The problem is when benchmarks become the whole story.
Benchmarks rarely capture:
- messy repos
- ambiguous requirements
- changing worktrees
- weak documentation
- long-running verification loops
- the cost of human rescue
Real work does.
So for teams evaluating agents for actual use, I think the right model is:
benchmark for broad signal, repository tasks for operational truth.
My Practical Evaluation Rules
If I were setting up an internal evaluation today, I would use these rules.
- Use tasks from real repos, not toy repos.
- Require explicit acceptance criteria per task.
- Track human interventions, not just outcomes.
- Record failure categories with discipline.
- Separate code generation from verification burden.
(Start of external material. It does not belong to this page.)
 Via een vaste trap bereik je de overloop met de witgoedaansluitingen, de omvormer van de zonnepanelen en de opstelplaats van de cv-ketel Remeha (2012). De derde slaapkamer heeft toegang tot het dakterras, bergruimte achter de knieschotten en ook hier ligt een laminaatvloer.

- Mix bug, feature, refactor, test, and config tasks.
- Review results for system fixes, not just model rankings.
That last one matters a lot.
Sometimes the right conclusion is not "replace the model."
Sometimes the right conclusion is:
- improve repo structure
- tighten tool contracts
- add guardrails
- improve context retrieval
- make verification easier to run
The Main Takeaway
Most AI coding agent evaluations are too forgiving, too synthetic, or too vague to tell you much.
Useful evaluation is less glamorous.
It starts with:
- real tasks
- hard acceptance criteria
- tracked interventions
- explicit failure modes
- end-to-end verification
That is how you stop measuring optimism and start measuring whether the agent is actually useful in engineering practice.